Southern chefEdna Lewis

(Reading Time: 1 minute)

A seamstress by trade, Lewis was known for her exquisite dresses, both for “society ladies” such as Dorcas Avedon (then wife of famed photographer Richard Avedon) and Marilyn Monroe, but became known even better for her African-themed dresses.

Later she turned her love of cooking into a new career: she became a chef at a New York restaurant, which became a hit. She stayed on for several years before quitting to work on her farm. After breaking her leg in the 1970s, she spent her time writing, putting down her recipes and thoughts about Southern-style cooking. The Edna Lewis Cookbook * was her first effort.

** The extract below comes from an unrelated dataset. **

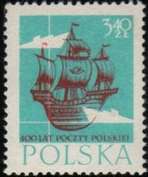 For the 400th anniversary of the Polish Postage, Poland issued in 1958 a set of stamps of which one stamp shows us a medieval ship and two silhouettes of modern ships.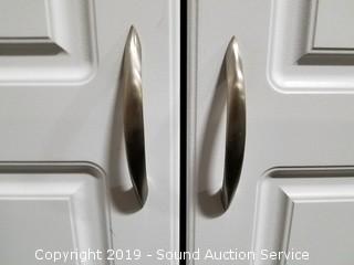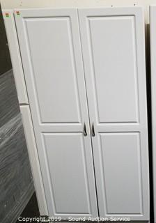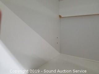 Adjustable doors and shelves. Excellent condition. 6ft T x 36" W x 19" D. Has a small chip on the inside (top left corner).

Her second, The Taste of Country Cooking, published in 1976, “may well be the most entertaining regional cookbook in America” said a New York Times book critic. Her cookbooks “revived the nearly forgotten genre of refined Southern cooking while offering a glimpse into African-American farm life in the early 20th century,” the Times said. With her new-found popularity as a cookbook author, Lewis went back to restaurant work and later founded the Society for the Revival and Preservation of Southern Food. In 1999 the Southern Foodways Alliance gave her its first lifetime achievement award. Miss Lewis, as she liked to be called, died at her Georgia home in her sleep on February 13. She was 89.